== About this task ==
Copy nothing but the line with "在歷屆進博會上,習(xí)近" and the lines that follow it to the end of the entries below, and keep the pictures out.

== Supplied data ==
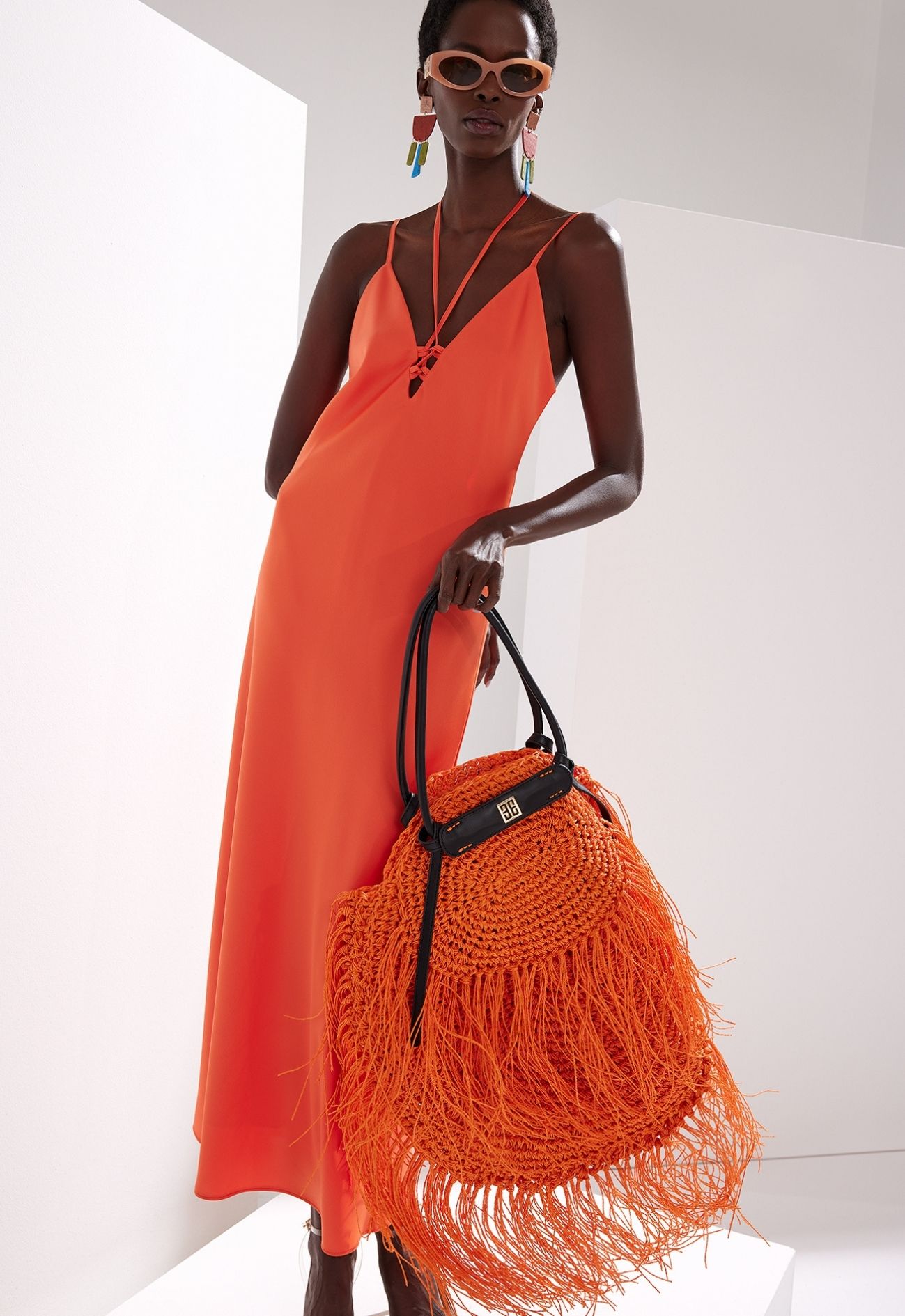 Explosion koleksiyonunda teninize sıcaklık katacak çok sayıda renk bulabilmeniz mümkün. İddialı renkleri bir o kadar iddialı ve özgün elbise tasarımlarında kullanan marka, tüm ten renklerine uygun parçalar bulabileceğiniz oldukça geniş koleksiyonuyla sezona damga vurmaya hazır. Bu özel turuncu elbise, parlak renginin yanı sıra özel dekoltesi ve askı detaylarıyla da oldukça farklı ve etkileyici. Hem akşam hem de gündüz saatlerinde tercih edebileceğiniz bu şıklığı farklı tarz ayakkabı ve takılarla tamamlayarak özgün görünüşler oluşturmanız da mümkün.
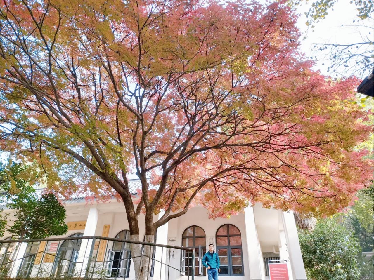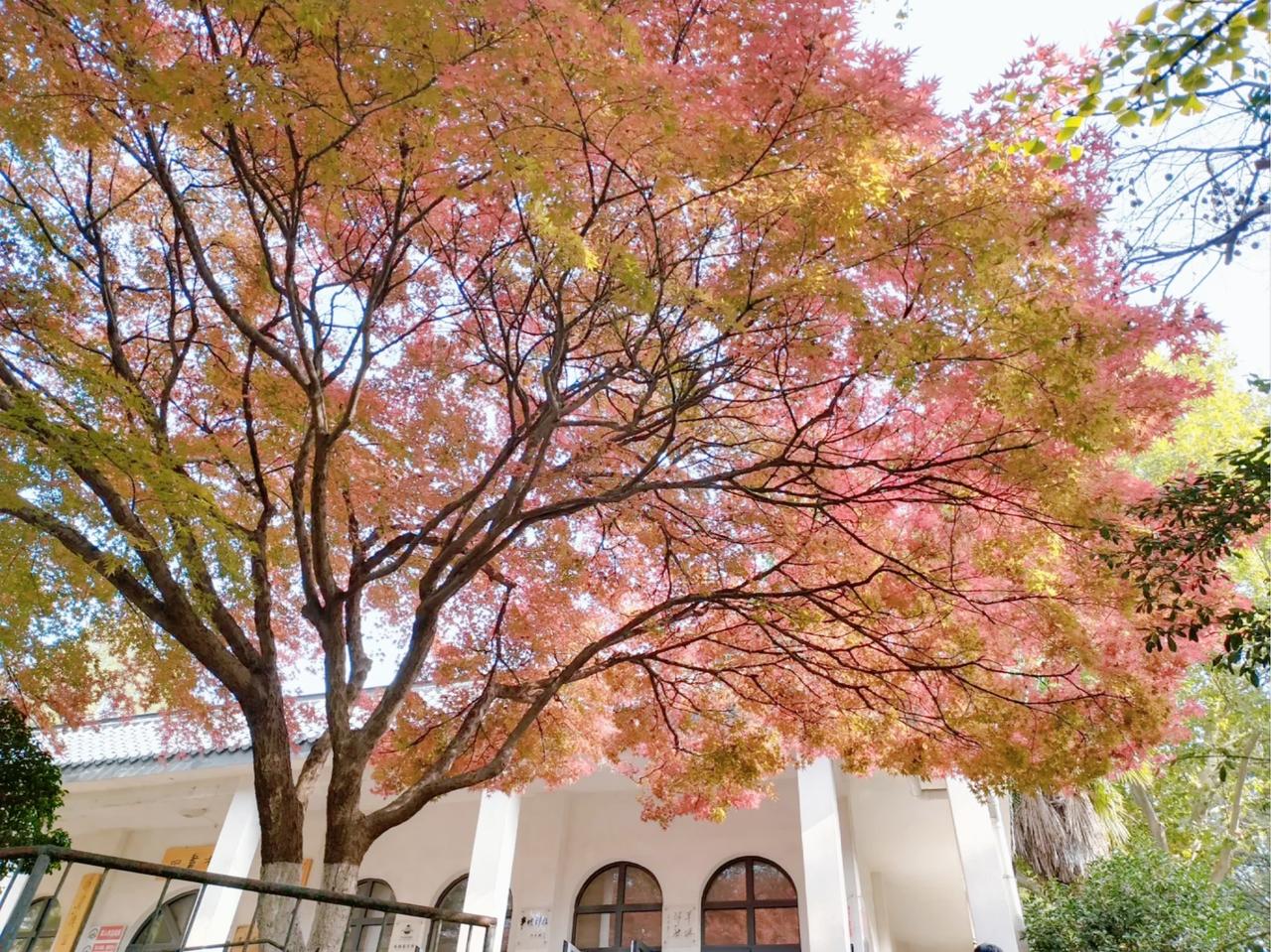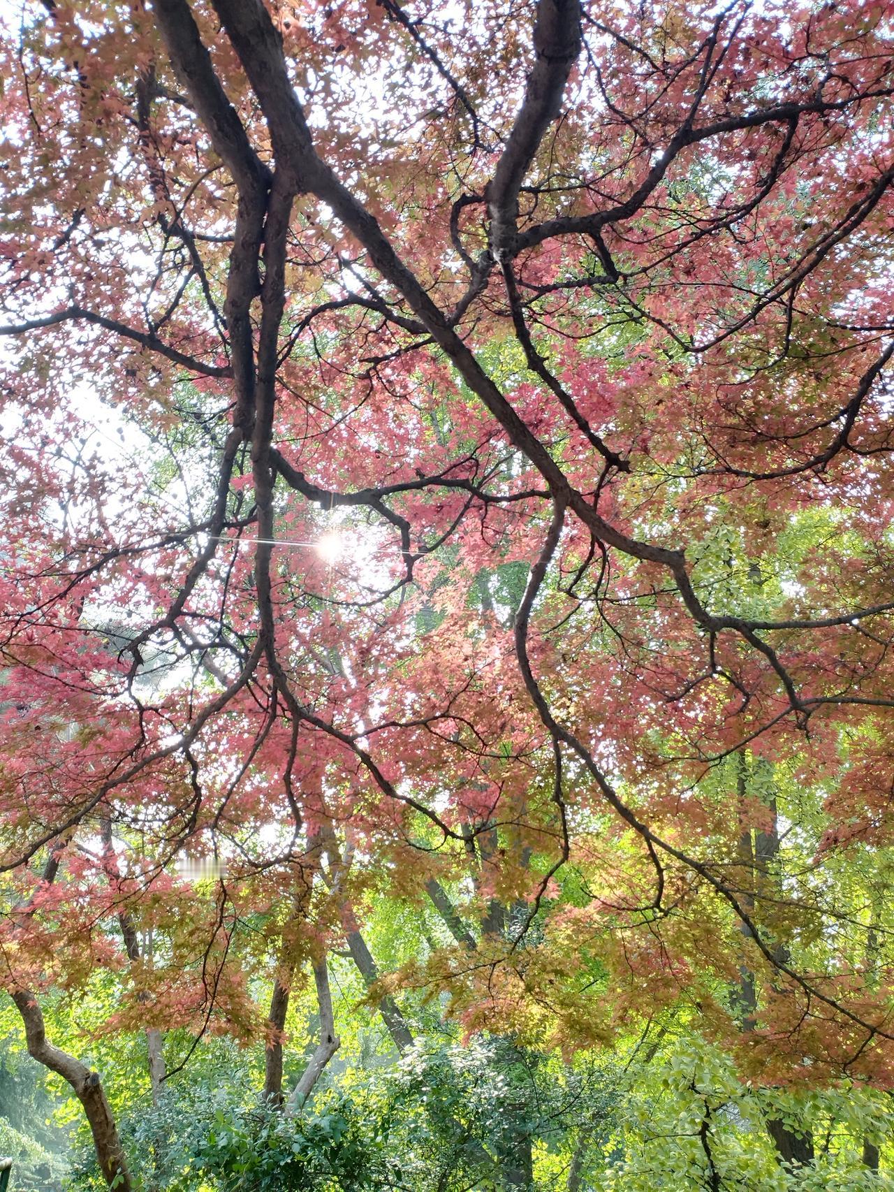 可以分享一张秋景的树叶的照片吗?这是纺织公园里的一棵五角枫,大家都叫它电影树,因
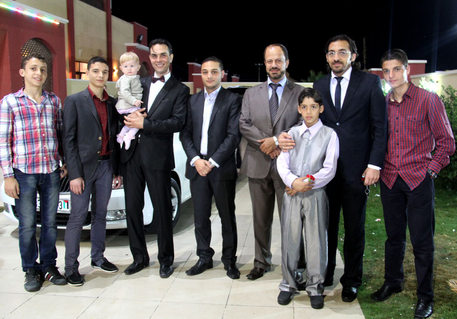 أ. إياد أبوشقرة(زوج شقيقة العريس)، د. أحمد القدرة، أ. إياد(شقيق العريس)، العريس، والد العروس، أ. عبدالله، م. عمرو، سليمان(أشقاء العروس)
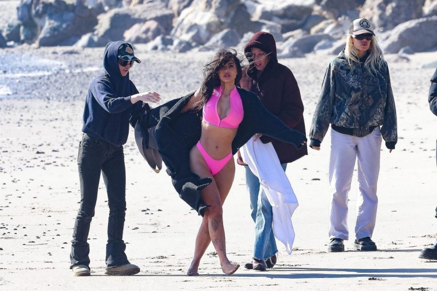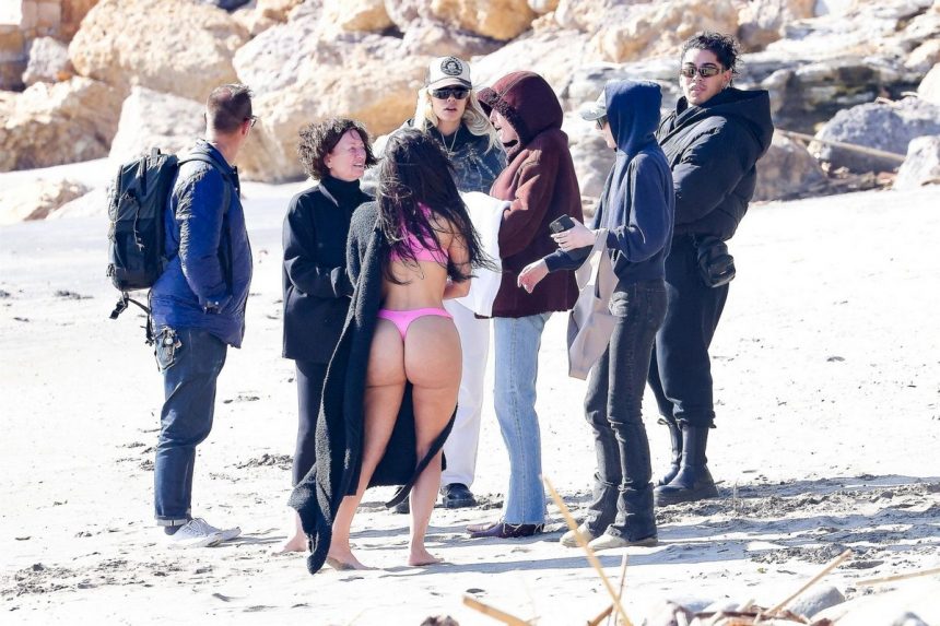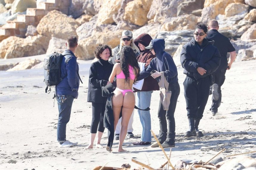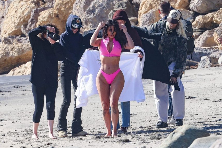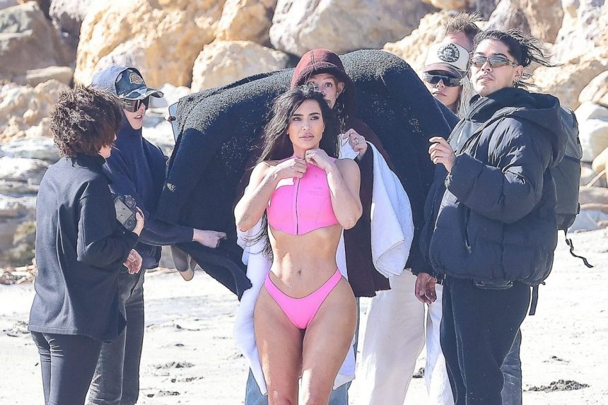 42-годишната американска реалити ѕвезда, актерка и претприемач Ким Кардашијан позира во бикини на плажа во Малибу.
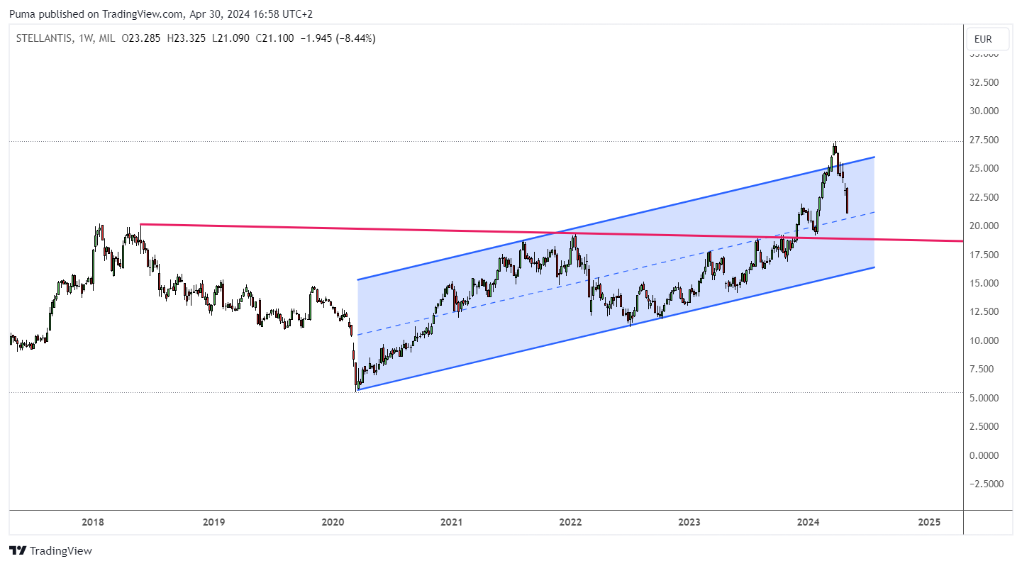 Stellantis is one of the European shares that have been chosen by Goldman Sachs. The bank recommends buying the stock with a target price of 28 euros, as they believe there is potential for growth. However, the stock lost over 9% after the quarterly results were announced on Tuesday, 30 April. The Franco-Italian automaker, which owns popular brands such as Peugeot, Fiat, Jeep, and Alfa Romeo, saw its net revenue decline by 12% in the first quarter of 2024, falling to 41.7 billion euros, below analysts’ expectations of 42.6 billion euros.
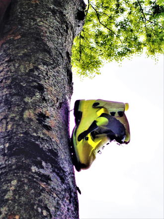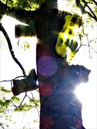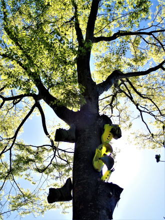 | あれやこれや取りつける高さ、向き、 間隔を試行錯誤し、 落下防止の為のザイルを結び、 欅の大木にビレーを取り、 いよいよアクロバットな作業開始。 アウターブーツとインナーブーツを 別々にして 4足の登山靴を幹に固定するまでに 2時間程かかった。 後は微調整すれば、何とかオブジェとして 愉しめるのでは! |
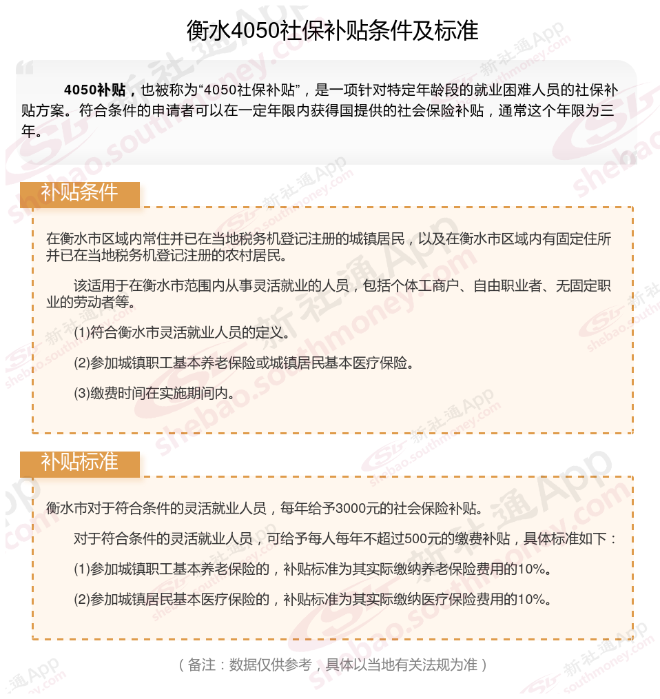 一、衡水4050社保补贴标准及条件2025年最新消息
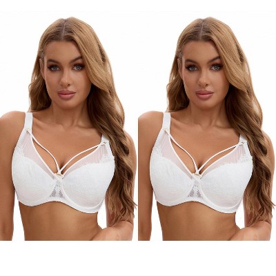 INSPIRE CHIC Women's Lace Mesh Full Coverage Underwire Soft Cup Light and Breathable Push Up Bras 2 Packs
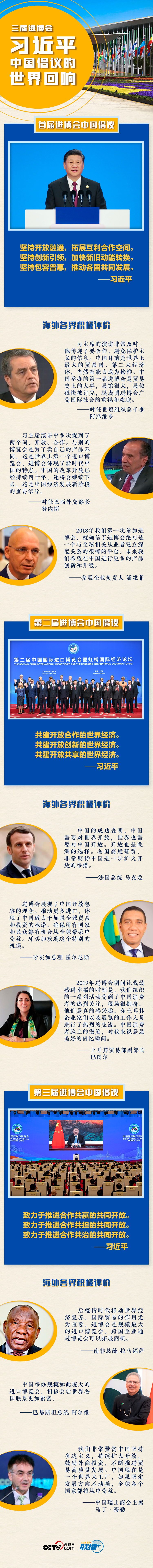 在歷屆進博會上,習(xí)近平主席都提出了推動建設(shè)開放型世界經(jīng)濟的中國倡議,宣布了中國擴大對外開放的一系列務(wù)實舉措,贏得國際社會的廣泛認(rèn)同。
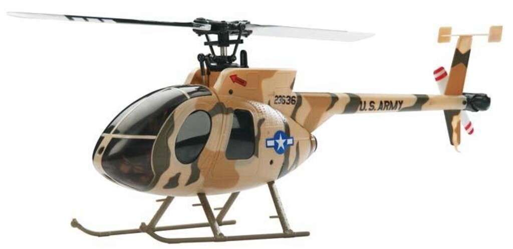 | Helicóptero MD-530 FP, rádio de 2,4 GHz, giroscópio, bateria LiPo, carregador, quatro células AA, chave de fenda e manual de instruções |
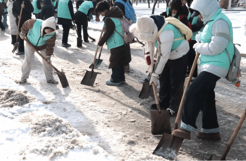 组织24级、25级学生志愿者,在康复楼门前开展铲雪志愿服务活动。

== The completed task ==
 在歷屆進博會上,習(xí)近平主席都提出了推動建設(shè)開放型世界經(jīng)濟的中國倡議,宣布了中國擴大對外開放的一系列務(wù)實舉措,贏得國際社會的廣泛認(rèn)同。
 | Helicóptero MD-530 FP, rádio de 2,4 GHz, giroscópio, bateria LiPo, carregador, quatro células AA, chave de fenda e manual de instruções |
 组织24级、25级学生志愿者,在康复楼门前开展铲雪志愿服务活动。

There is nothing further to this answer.